__DATA SHOWN__
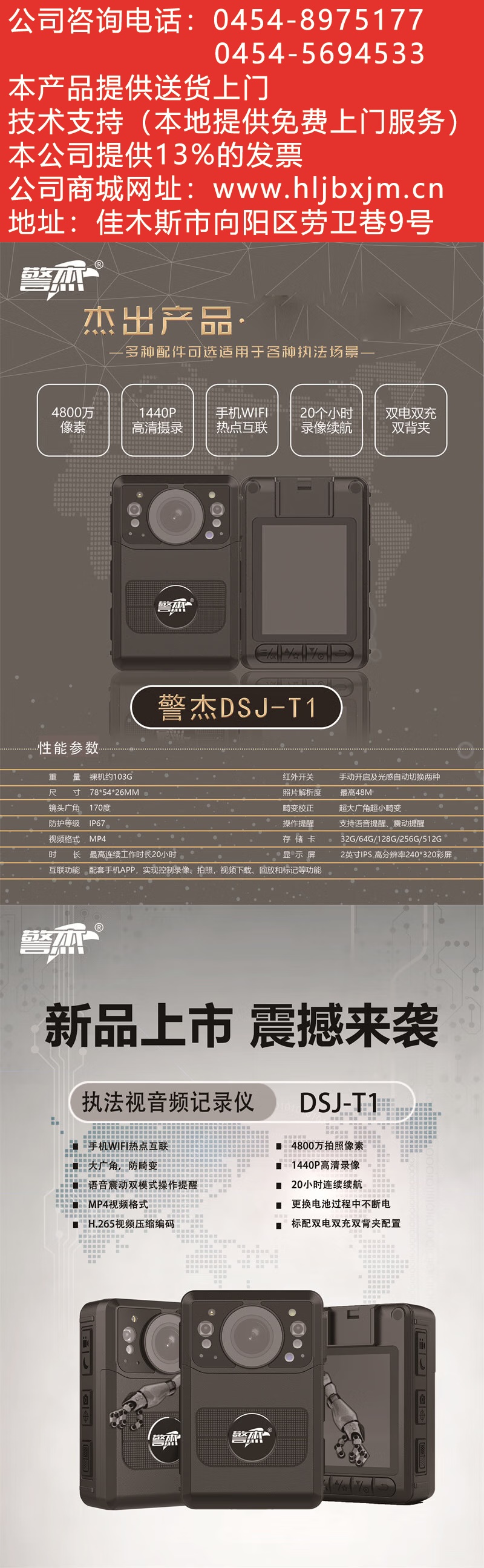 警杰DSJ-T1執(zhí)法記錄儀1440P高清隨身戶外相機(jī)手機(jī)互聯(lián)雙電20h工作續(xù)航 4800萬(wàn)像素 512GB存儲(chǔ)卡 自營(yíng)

==

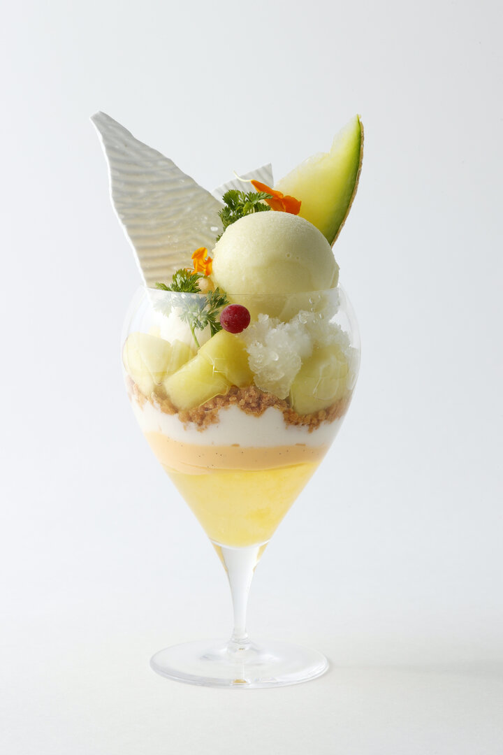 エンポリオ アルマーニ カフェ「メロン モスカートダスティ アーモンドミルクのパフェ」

* * *

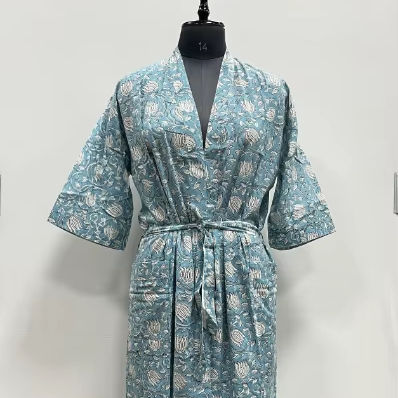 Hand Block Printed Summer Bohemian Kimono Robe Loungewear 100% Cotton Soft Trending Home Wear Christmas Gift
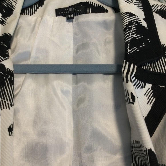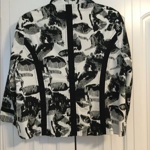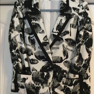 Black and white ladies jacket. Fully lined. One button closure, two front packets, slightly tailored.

__YOUR TASK__
What you return from the records above should be exactly everything from the line with "Hand Block Printed" down to the line with "Black and white", both kept, and no pictures.

__EXERCISE RESULT__
 Hand Block Printed Summer Bohemian Kimono Robe Loungewear 100% Cotton Soft Trending Home Wear Christmas Gift
 Black and white ladies jacket. Fully lined. One button closure, two front packets, slightly tailored.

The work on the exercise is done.